**Work to complete**
Pictures excluded, return the lines below from the first through the line holding "在第三屆中國(guó)生物產".

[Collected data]
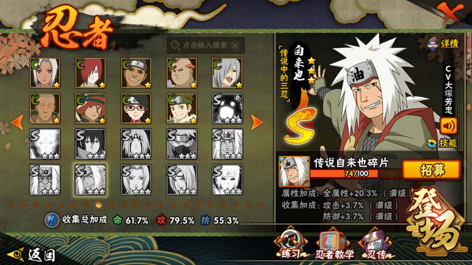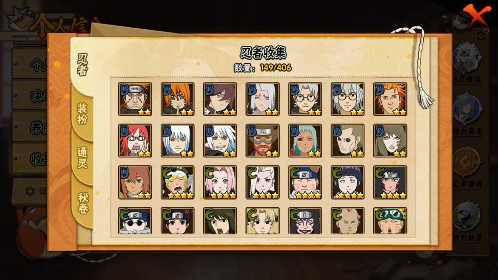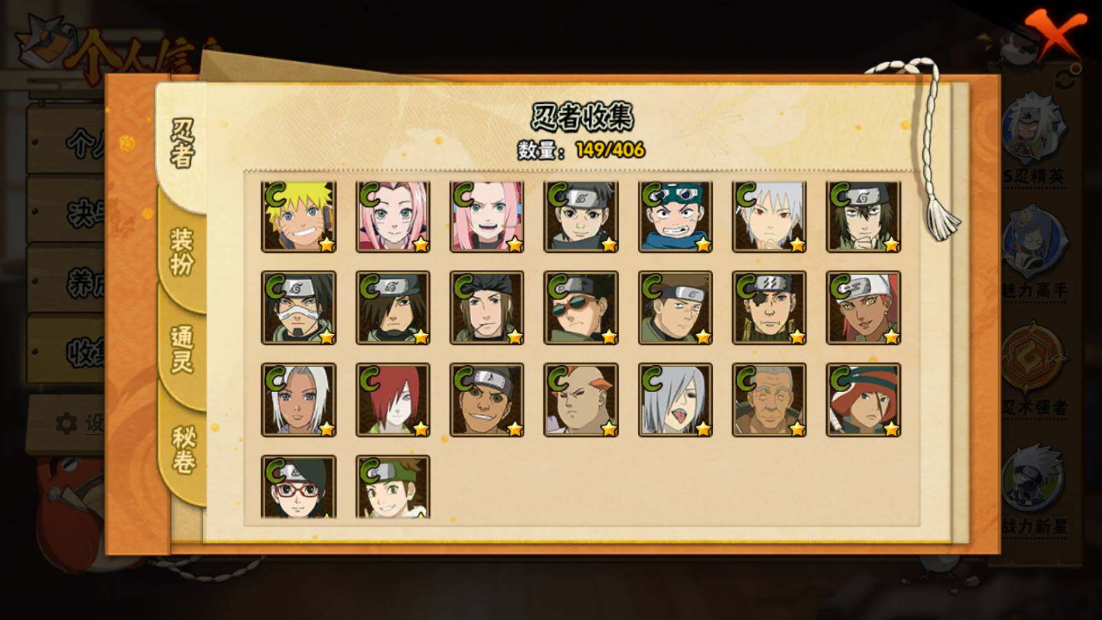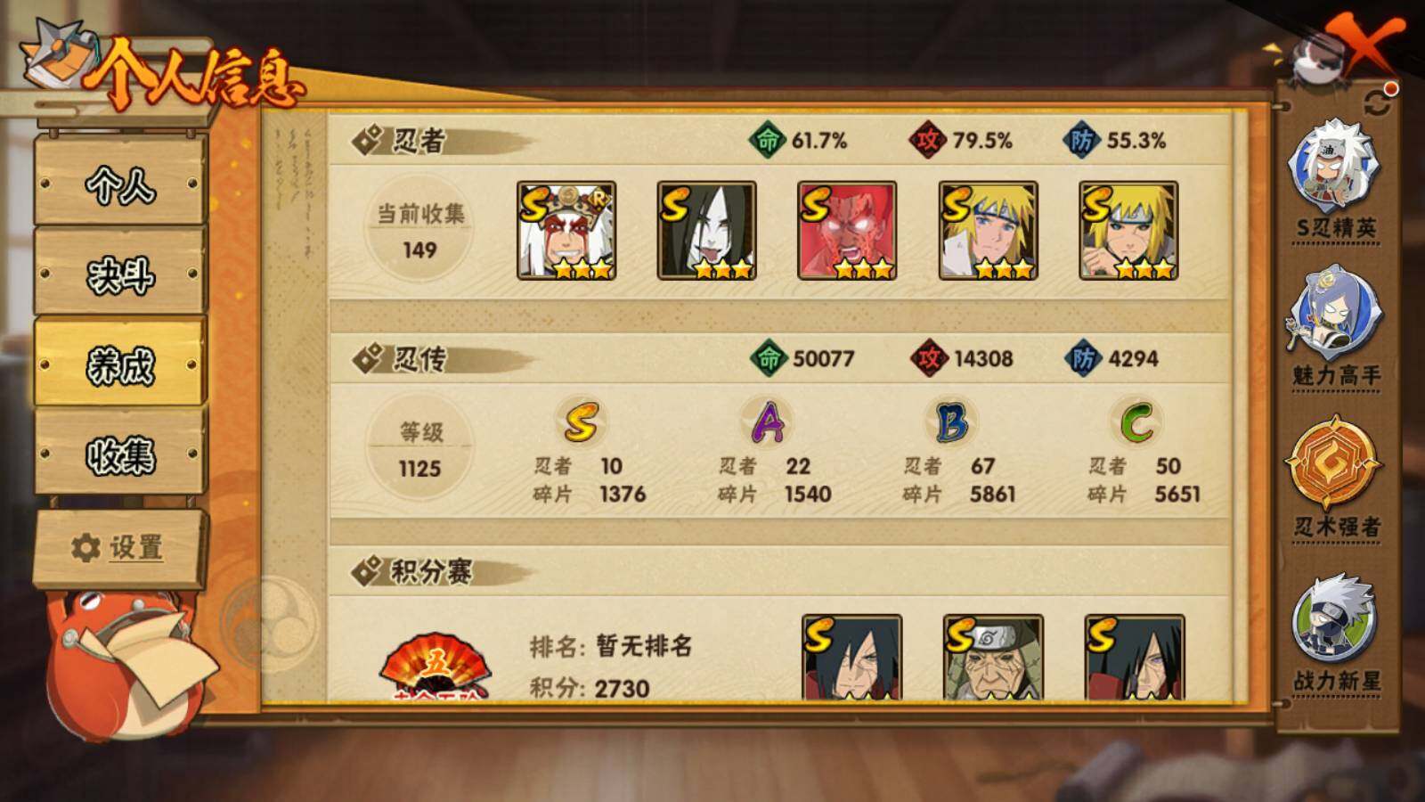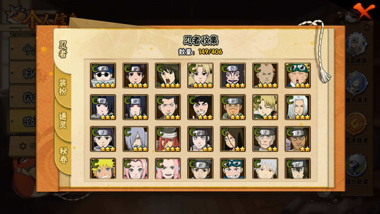 【S级忍者】:猿飞日斩「秽土转生」(3星),波风水门「秽土转生」(3星),宇智波鼬「秽土转生」(3星),宇智波斑「秽土转生」(3星),宇智波斑「秽土转生·解」(3星),宇智波鼬「须佐能乎」(3星),自来也「舞之豪杰」(3星),大蛇丸(3星),波风水门(3星),迈特凯「死门」(3星)
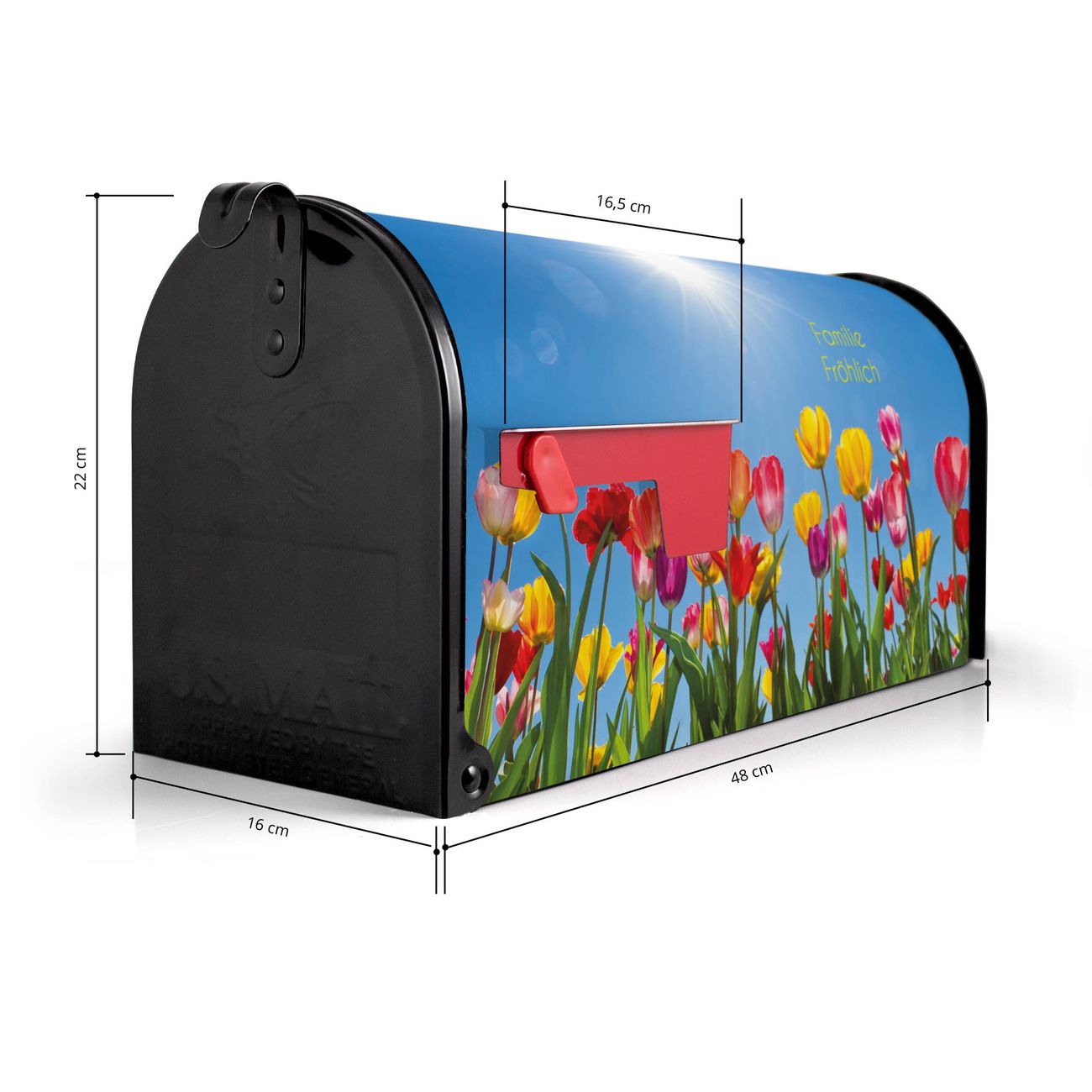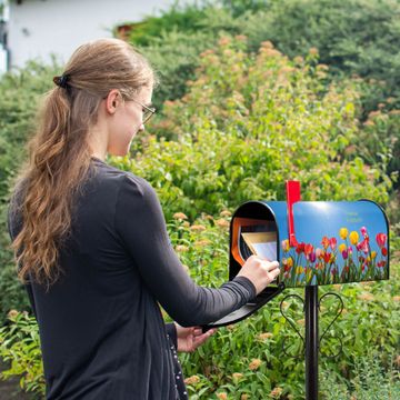 Der amerikanische Briefkasten von banjado mit Tulpenmeer Motiv bietet Ihnen ausreichend Fassungsvermögen, um große A4 Sendungen und Zeitschriften zu empfangen. Die typisch amerikanische rote Fahne zeigt Ihnen an, wenn Sie Post erhalten haben. Die US-Mailbox besteht aus verzinktem Stahlblech welches lackiert wurde und ist 48 x 22 x 16 CM (BxHxT) groß. Die Folie mit Motiv Tulpenmeer besteht aus einer wetter- und UV-resistenten Folie, die mit einem Schutzlaminat überzogen ist, sodass die US Mailbox zusätzlich vor Kratzern geschützt ist. An der Unterkante sind 4 Löcher je Seite um die Mailbox, typisch amerikanisch, an einem Holzpfahl oder einem Zaun zu befestigen. Auf Wunsch können Sie bei uns den passenden Standfuß oder die passende Wandhalterung kaufen um die US-Mailbox sicher zu befestigen. Wir bieten Ihnen ebenfalls Namensschilder, bereits beschriftet oder frei zu beschriften, und verschiedene selbst gestaltete Bitte-Keine-Werbung-Aufkleber.
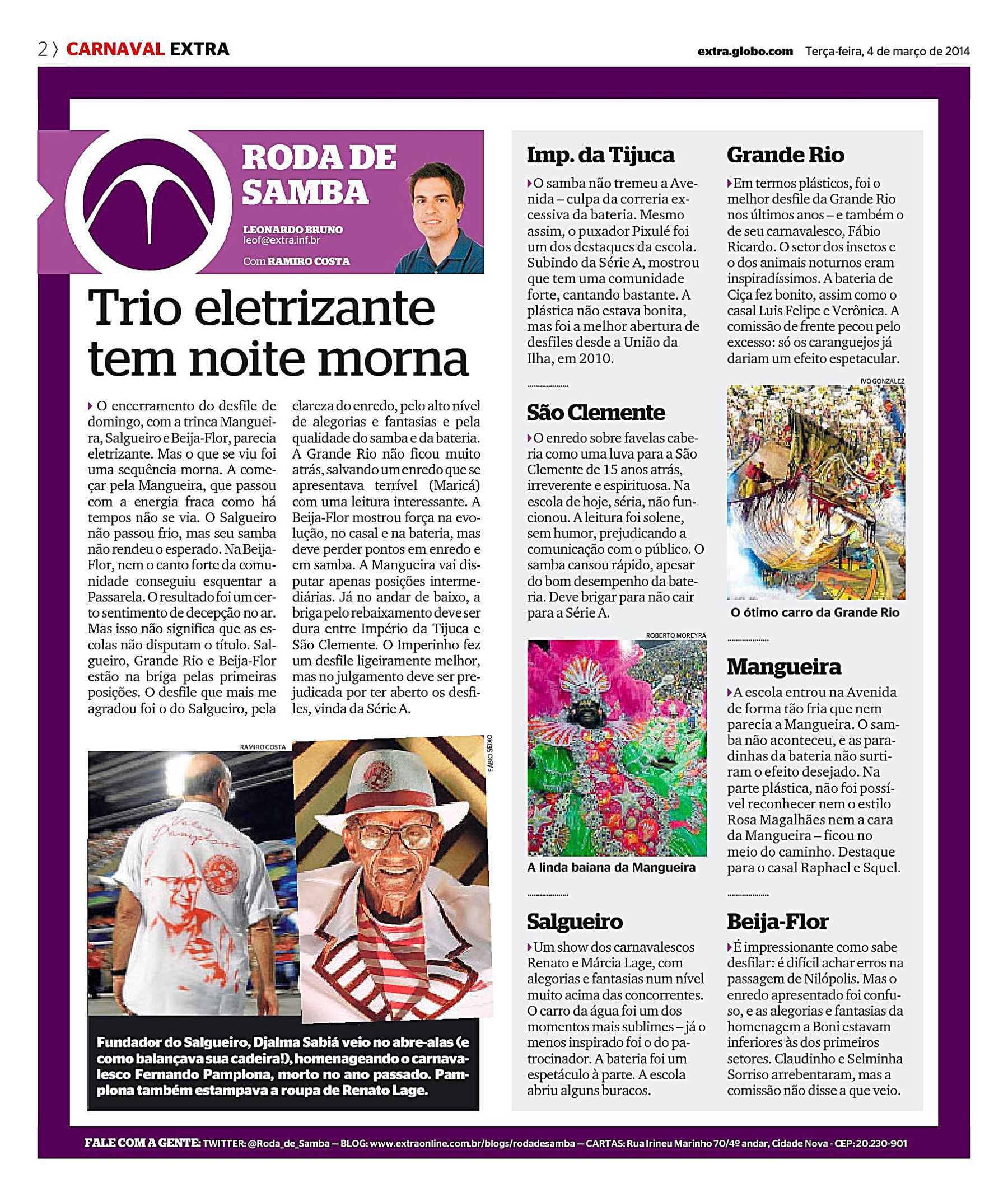 - ↑ a b c d e f Galeria do Samba. «Grande Rio 2014». Consultado em 9 de fevereiro de 2014
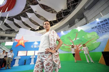 在第三屆中國(guó)生物產(chǎn)業(yè)大會(huì)上,由長(zhǎng)春大成集團(tuán)利用玉米為原料制作的服裝吸引了眾多參觀者的目光。資料圖片
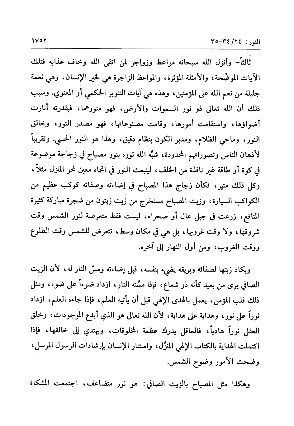 ثالثا- وأنزل الله سبحانه مواعظ وزواجر لمن اتقى الله وخاف عذابه فتلك الآيات الموضّحة، والأمثلة المؤثرة، والمواعظ الزاجرة هي لخير الإنسان، وهي نعمة جليلة من نعم الله على المؤمنين، وهذه هي آيات التنوير الحكمي أو المعنوي. وسبب ذلك أن الله تعالى ذو نور السموات والأرض، فهو منورهما، فبقدرته أنارت أضواؤها، واستقامت أمورها، وقامت مصنوعاتها، فهو مصدر النور، وخالق النور، وماحي الظلام، ومدبر الكون بنظام دقيق، وهذا هو النور الحسي. وتقريبا لأذهان الناس وتصوراتهم المحدودة، شبّه الله نوره بنور مصباح في زجاجة موضوعة في كوة أو طاقة غير نافذة من الخلف، لينبعث النور في اتجاه معين نحو المنزل مثلا، وكل ذلك منير، فكأن زجاج هذا المصباح في إضاءته وصفائه كوكب عظيم من الكواكب السيارة، وزيت المصباح مستخرج من زيت زيتون من شجرة مباركة كثيرة المنافع، زرعت في جبل عال أو صحراء، ليست فقط متعرضة لنور الشمس وقت شروقها، ولا وقت غروبها، بل هي في مكان وسط، تتعرض للشمس وقت الطلوع ووقت الغروب، ومن أول النهار إلى آخره.
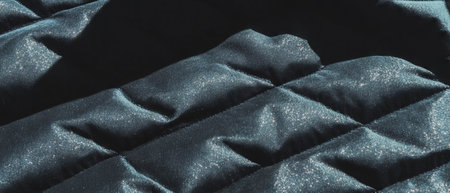 Geometric quilted fabric with padded texture and shimmering contrast patterns
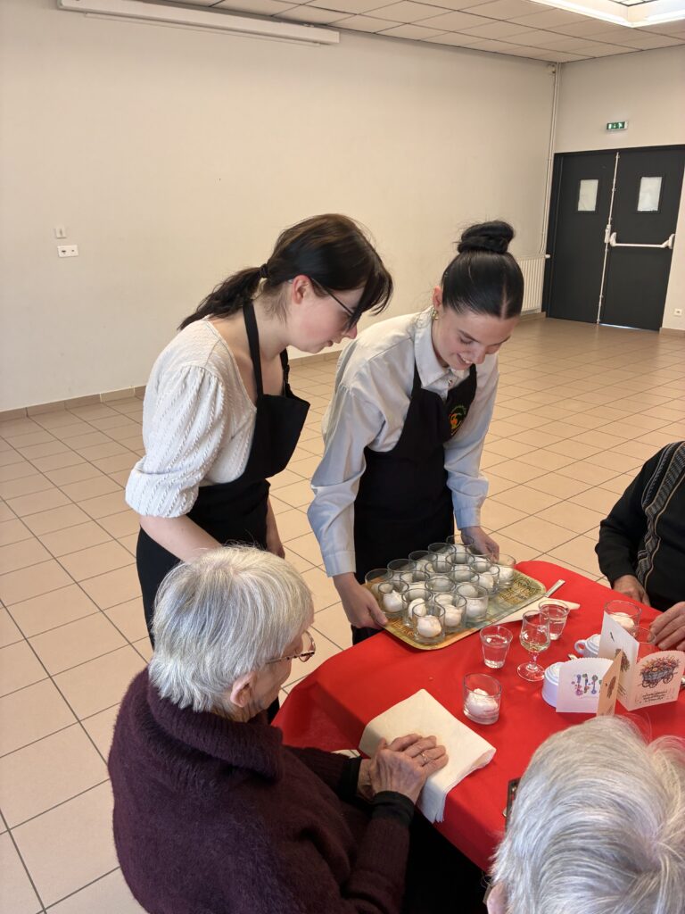 Tout au long de leur parcours, les élèves sont régulièrement mis en situation professionnelle. À la mi-mars, les élèves de deuxième année ont ainsi participé au service du repas des aînés, organisé par une association locale. Un moment concret et formateur, au cœur des réalités du métier.

**Task result**
 【S级忍者】:猿飞日斩「秽土转生」(3星),波风水门「秽土转生」(3星),宇智波鼬「秽土转生」(3星),宇智波斑「秽土转生」(3星),宇智波斑「秽土转生·解」(3星),宇智波鼬「须佐能乎」(3星),自来也「舞之豪杰」(3星),大蛇丸(3星),波风水门(3星),迈特凯「死门」(3星)
 Der amerikanische Briefkasten von banjado mit Tulpenmeer Motiv bietet Ihnen ausreichend Fassungsvermögen, um große A4 Sendungen und Zeitschriften zu empfangen. Die typisch amerikanische rote Fahne zeigt Ihnen an, wenn Sie Post erhalten haben. Die US-Mailbox besteht aus verzinktem Stahlblech welches lackiert wurde und ist 48 x 22 x 16 CM (BxHxT) groß. Die Folie mit Motiv Tulpenmeer besteht aus einer wetter- und UV-resistenten Folie, die mit einem Schutzlaminat überzogen ist, sodass die US Mailbox zusätzlich vor Kratzern geschützt ist. An der Unterkante sind 4 Löcher je Seite um die Mailbox, typisch amerikanisch, an einem Holzpfahl oder einem Zaun zu befestigen. Auf Wunsch können Sie bei uns den passenden Standfuß oder die passende Wandhalterung kaufen um die US-Mailbox sicher zu befestigen. Wir bieten Ihnen ebenfalls Namensschilder, bereits beschriftet oder frei zu beschriften, und verschiedene selbst gestaltete Bitte-Keine-Werbung-Aufkleber.
 - ↑ a b c d e f Galeria do Samba. «Grande Rio 2014». Consultado em 9 de fevereiro de 2014
 在第三屆中國(guó)生物產(chǎn)業(yè)大會(huì)上,由長(zhǎng)春大成集團(tuán)利用玉米為原料制作的服裝吸引了眾多參觀者的目光。資料圖片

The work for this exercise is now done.